» **Task input**
####
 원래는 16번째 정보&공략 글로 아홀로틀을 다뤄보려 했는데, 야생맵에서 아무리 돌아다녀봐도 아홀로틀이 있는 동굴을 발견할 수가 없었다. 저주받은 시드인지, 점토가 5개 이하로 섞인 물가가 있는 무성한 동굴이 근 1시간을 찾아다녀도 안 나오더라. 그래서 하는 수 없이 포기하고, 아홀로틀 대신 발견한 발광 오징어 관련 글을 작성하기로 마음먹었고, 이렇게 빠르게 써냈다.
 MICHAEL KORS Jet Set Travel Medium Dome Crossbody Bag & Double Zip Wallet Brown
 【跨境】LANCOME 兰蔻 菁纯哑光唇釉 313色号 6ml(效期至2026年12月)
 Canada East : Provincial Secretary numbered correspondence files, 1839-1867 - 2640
####
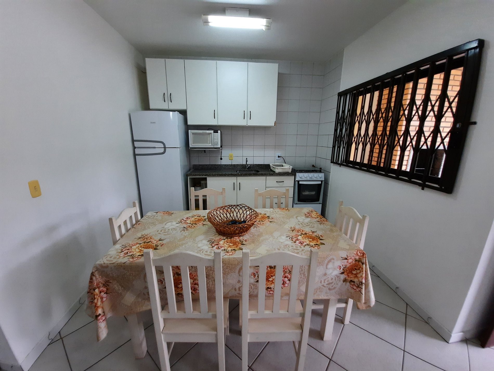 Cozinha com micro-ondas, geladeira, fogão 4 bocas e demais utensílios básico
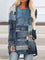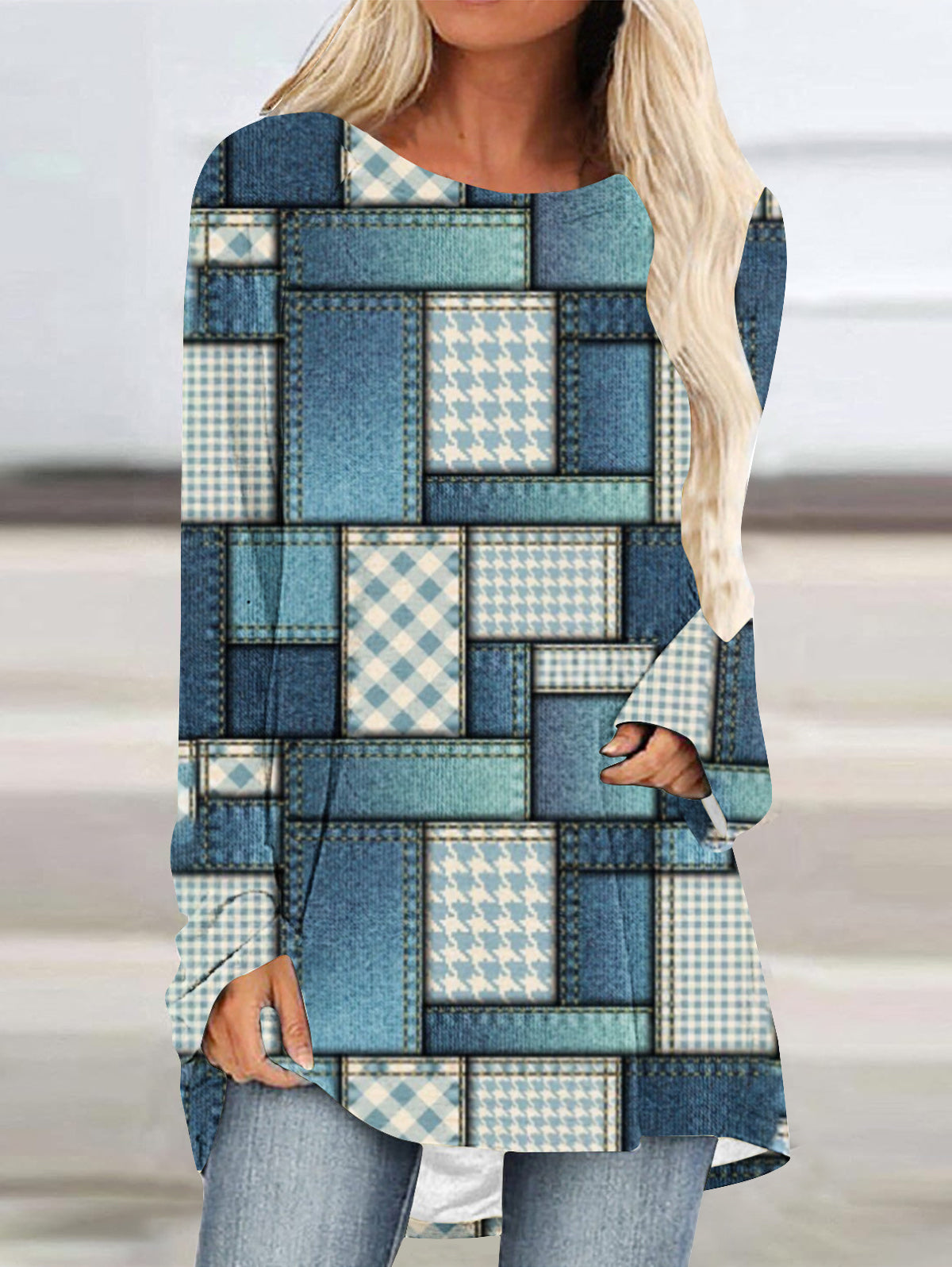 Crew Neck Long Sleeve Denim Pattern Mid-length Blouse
####
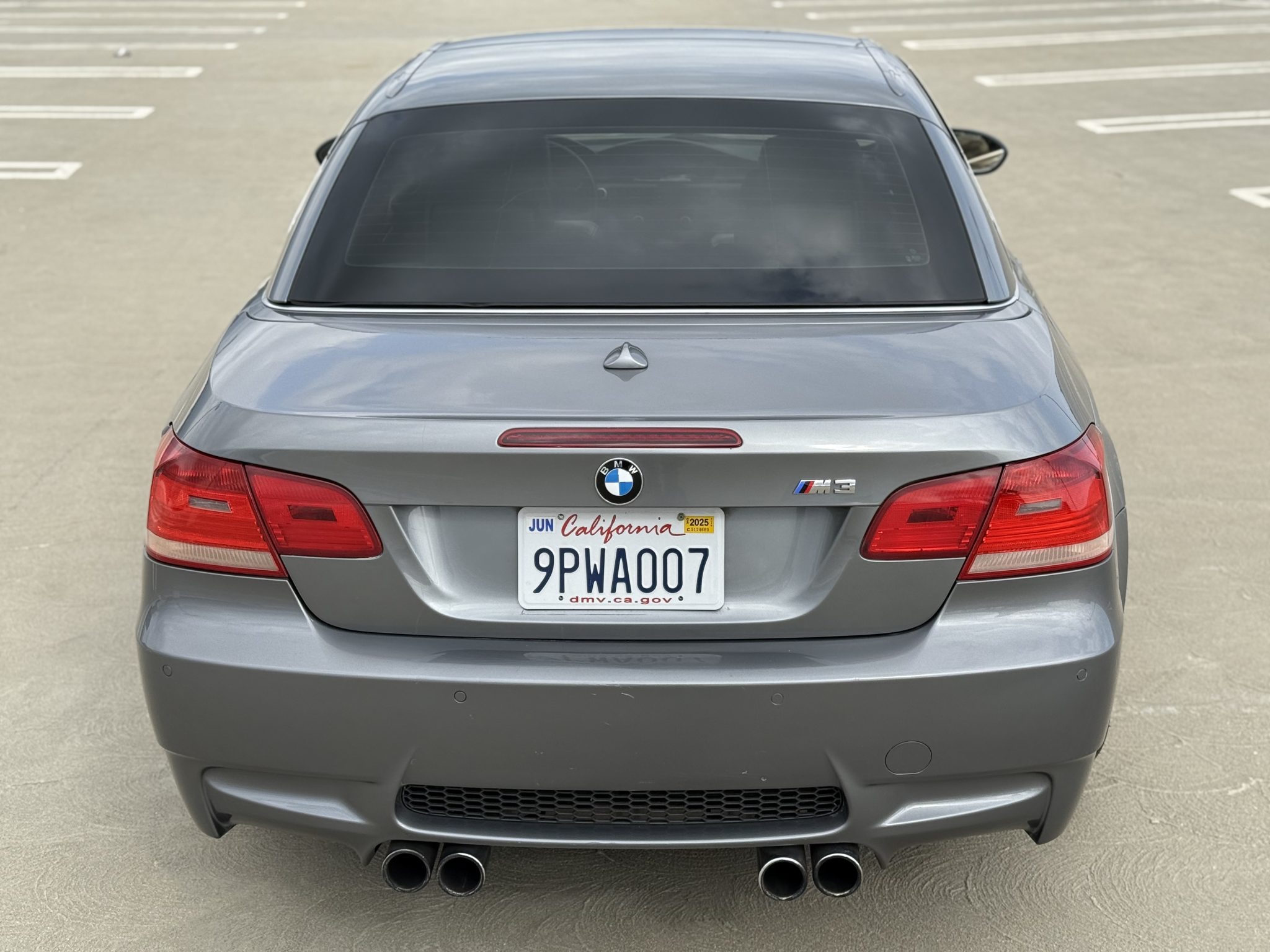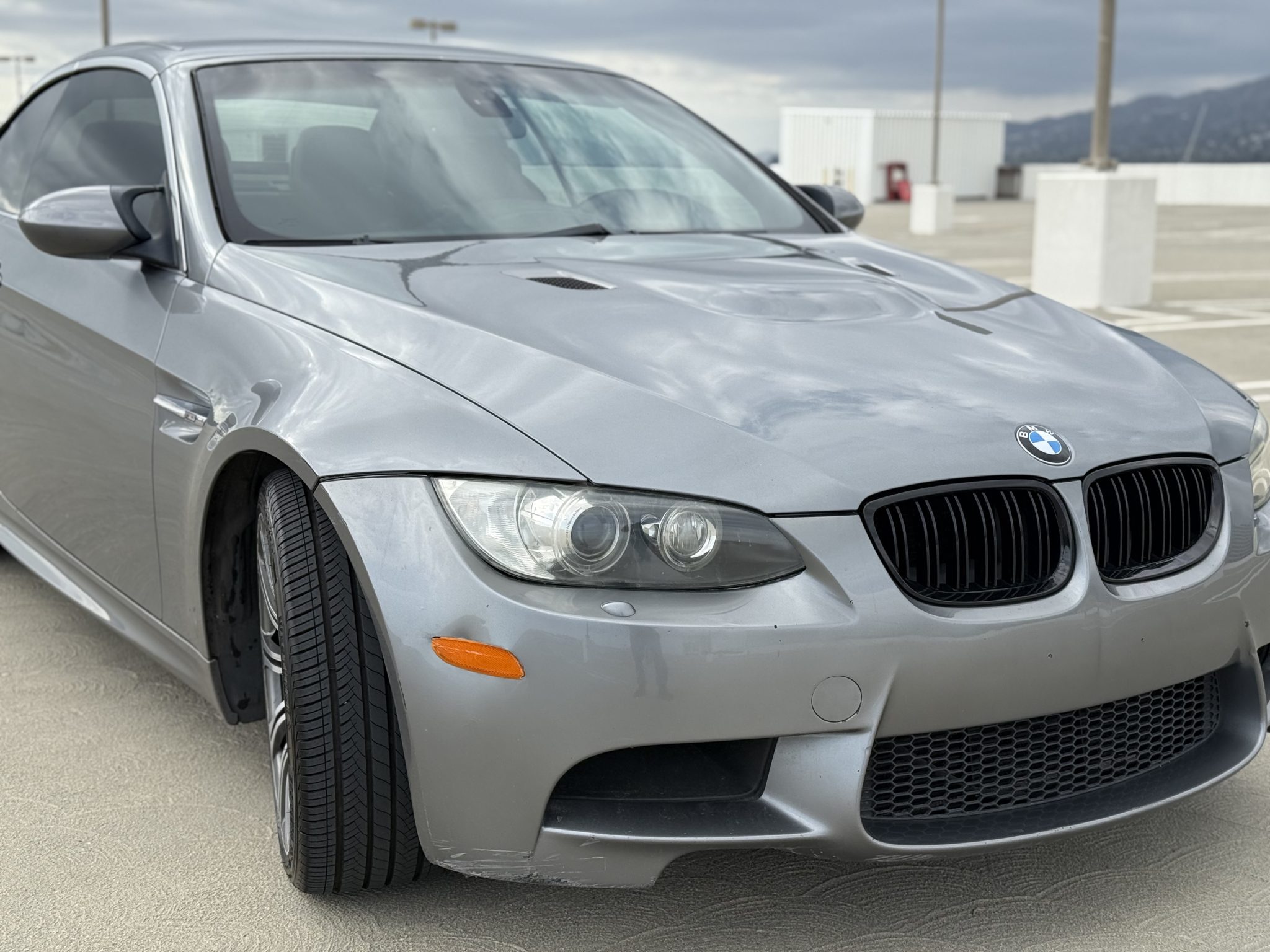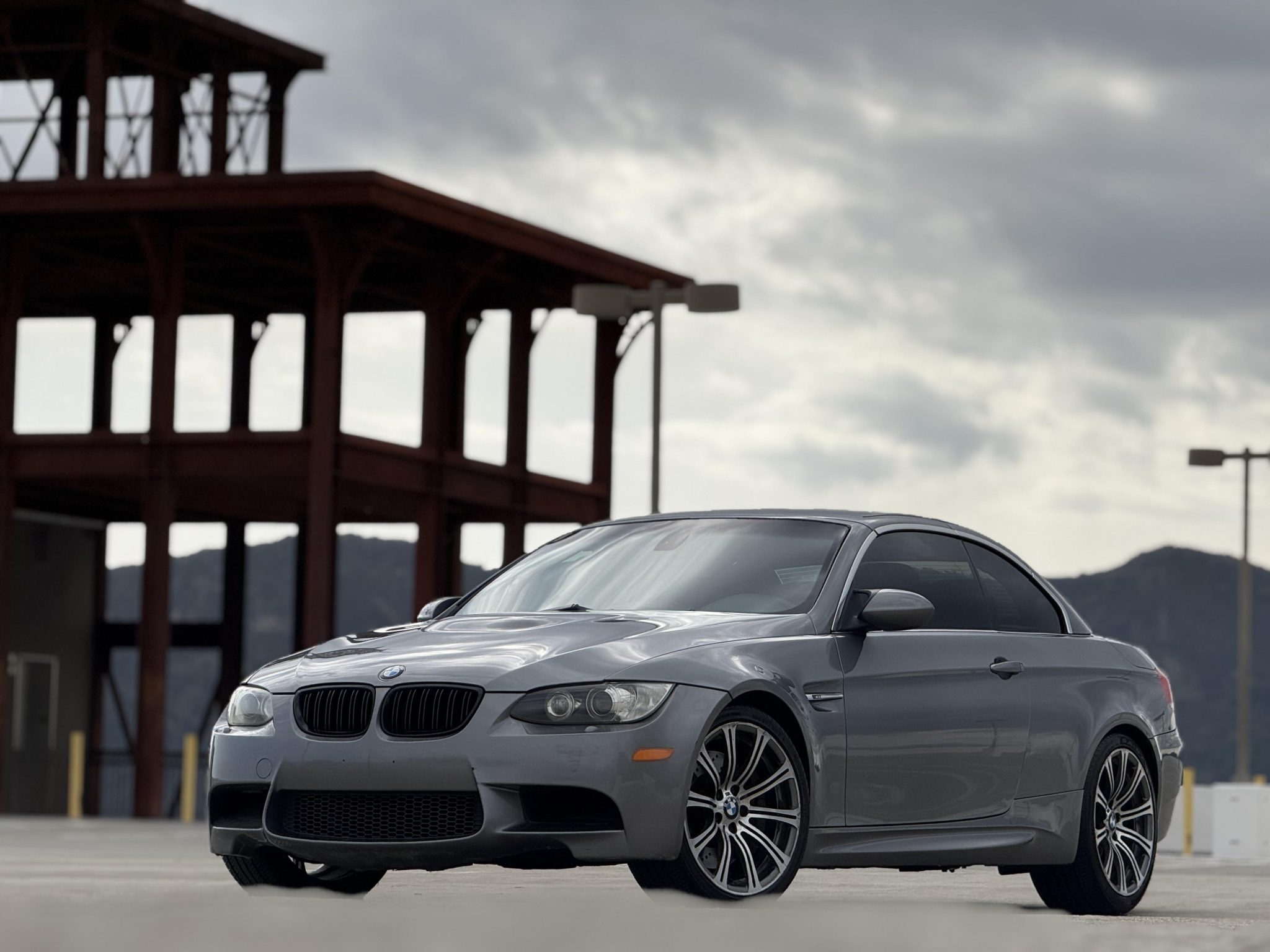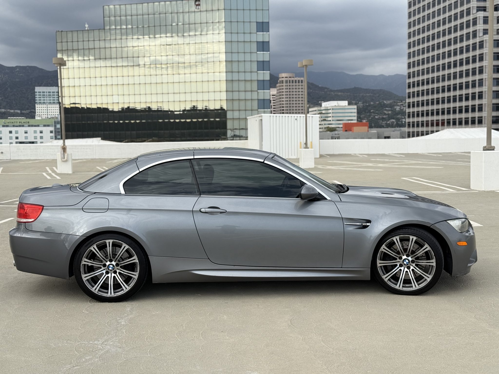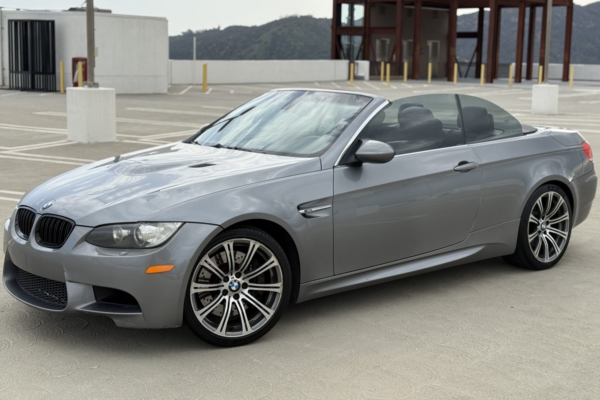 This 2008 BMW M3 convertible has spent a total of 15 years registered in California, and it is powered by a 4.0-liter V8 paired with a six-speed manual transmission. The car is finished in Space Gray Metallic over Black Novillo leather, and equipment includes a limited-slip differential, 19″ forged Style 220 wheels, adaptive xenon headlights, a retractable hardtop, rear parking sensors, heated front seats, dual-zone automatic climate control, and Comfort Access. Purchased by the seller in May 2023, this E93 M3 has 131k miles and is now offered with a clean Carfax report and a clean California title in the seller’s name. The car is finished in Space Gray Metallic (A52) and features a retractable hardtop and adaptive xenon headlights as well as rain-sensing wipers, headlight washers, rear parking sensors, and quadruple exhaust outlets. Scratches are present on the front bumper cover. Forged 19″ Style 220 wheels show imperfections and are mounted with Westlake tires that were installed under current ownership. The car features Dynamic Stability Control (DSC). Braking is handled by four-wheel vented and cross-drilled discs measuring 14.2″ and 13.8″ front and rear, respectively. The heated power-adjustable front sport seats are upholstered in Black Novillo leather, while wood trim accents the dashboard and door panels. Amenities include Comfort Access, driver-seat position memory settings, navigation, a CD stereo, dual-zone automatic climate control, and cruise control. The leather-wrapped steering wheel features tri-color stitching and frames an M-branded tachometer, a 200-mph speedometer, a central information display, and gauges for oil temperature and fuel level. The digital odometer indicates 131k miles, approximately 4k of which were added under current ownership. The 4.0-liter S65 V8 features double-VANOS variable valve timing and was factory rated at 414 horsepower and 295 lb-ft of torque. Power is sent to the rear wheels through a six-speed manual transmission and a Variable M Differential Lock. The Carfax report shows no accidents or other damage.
####
Print exactly the lines above from the one with "MICHAEL KORS Jet" to the one with "Canada East : Provincial", including both.

» **Written reply**
 MICHAEL KORS Jet Set Travel Medium Dome Crossbody Bag & Double Zip Wallet Brown
 【跨境】LANCOME 兰蔻 菁纯哑光唇釉 313色号 6ml(效期至2026年12月)
 Canada East : Provincial Secretary numbered correspondence files, 1839-1867 - 2640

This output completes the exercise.